When U.S. District Court Judge J. Michael Seabright sentenced Katherine and Louis Kealoha to federal prison on Nov. 30, he said, “This case is staggering given its breadth, given its scope, and given its audacity.”
Staggering indeed. The Kealohas brazenly and repeatedly stole, lied and betrayed the public trust. When they realized that some of their crimes might be exposed, they tried to frame a relative for crimes he did not commit — and they enlisted the support of many police in the framing and cover-up.
This was corruption on a grand scale, and it took the intervention of federal law enforcement to reveal it — or some of it. Since this case concluded with a plea bargain, we may never know the full scope of the Kealohas’ criminal conduct or of the crimes committed by their confederates in local law enforcement.
Much of the commentary on this case has focused on individuals. This was predictable, for legal officials must make judgments about personal responsibility, and reporters and their readers are drawn to human drama.
But research shows that the most important causes of corruption in criminal justice are organizational and cultural. When these causes are not confronted, corruption festers.
The corruption in this case cannot be explained by focusing on the low moral values of individual prosecutors and police officers. Of course, the Kealohas and their co-conspirators did lack integrity. But a focus on individual integrity provides a thin explanation, because ensuring integrity is an organizational obligation, and because it took a village to carry out the crimes that were committed in this case.
The key enabling condition of the Kealohas’ crime wave was a code of silence that prohibits police and prosecutors from reporting on their colleagues. For these crimes to occur, numerous law enforcement officials had to cooperate, and many more had to acquiesce in silent complicity with the scripts written by Katherine and Louis. There is no evidence that this code of silence has changed. Indeed, there is not even evidence that leaders in local law enforcement have acknowledged that their occupational cultures are seriously diseased.

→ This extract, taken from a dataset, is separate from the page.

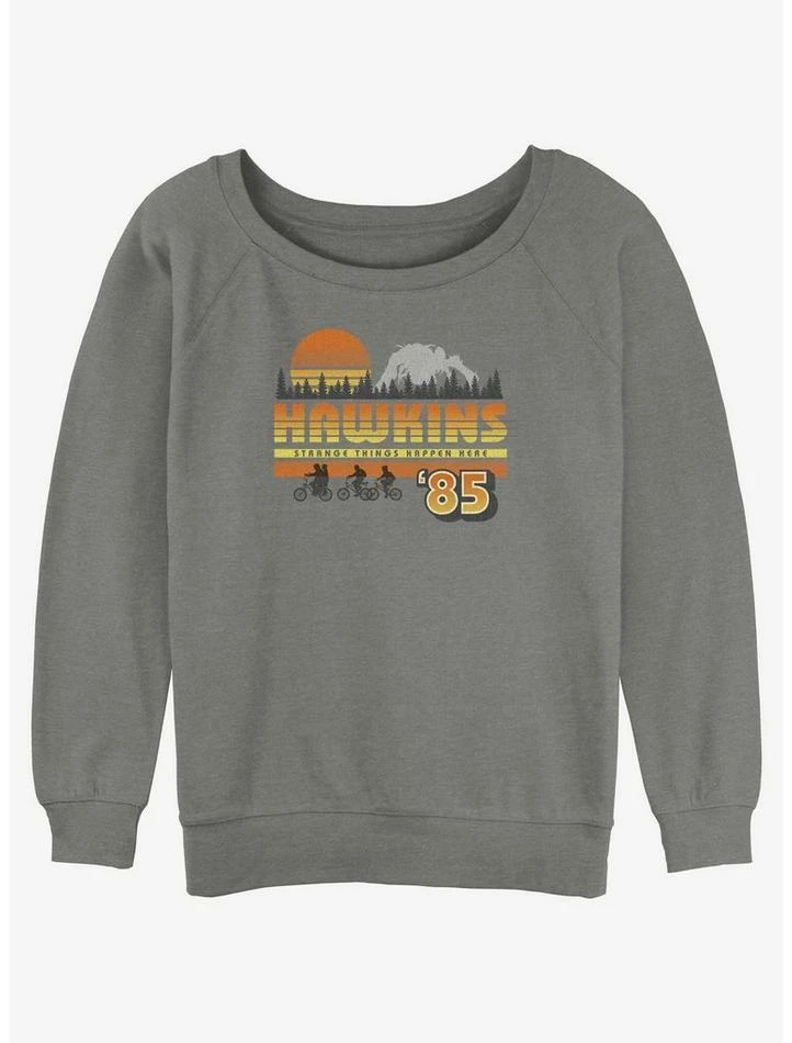 Best Pirce ๐ Stranger Things Hawkins Vintage Sunsnet ๐ง Girls Slouchy Sweatshirt ๐
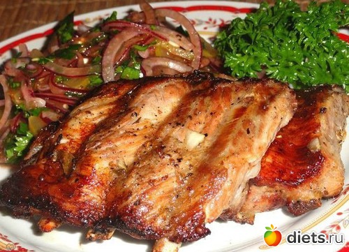 Продукты: 500 гр. нежирных свиных ребрышек; соль, черный перец, тмин; 3 зубчика чеснока, 300 мл. бульона или воды.

We have seen how scandal can destroy careers and cause misery among the families of its subjects. But scandal can also be a powerful agent of change by creating opportunity for reform.
We can see some signs of positive change. The Hawaii Legislature passed Act 47, eliminating an exemption that kept much information about police misconduct secret. The Honolulu Police Commission has become slightly less passive and pusillanimous in its approach to policing the police. Media coverage of policing and prosecution has improved (a little). And after Honolulu Prosecuting Attorney Keith Kaneshiro was forced to step aside, his old-guard replacement Dwight Nadamoto received less than 6% of the vote in the August primary election.
There is also reason to hope that the next prosecuting attorney, Steve Alm, recognizes the critical importance of organizational culture.
But so far, the opportunity for reform created by this scandal has largely been squandered by HPD. Most notably, Susan Ballard, who replaced Louis Kealoha as HPD chief in November 2017, routinely denies that HPD has serious and systemic problems. In June, she even made the ridiculous claim that the national movement to reform policing should skip Hawaii because “we’re kind of doing OK over here.”
Nobody in this town should suppose that our problems with corruption in local law enforcement are past merely because the Kealohas have been convicted. Police leaders who endorse a “bad apple” explanation for corruption give the green light for it to continue.
In the end, Honolulu’s first couple of crime should be seen not only as the odious offenders they are, but also as leading indicators that some things are terribly wrong in our criminal justice culture.
David T. Johnson is a sociology professor at the University of Hawaii-Manoa.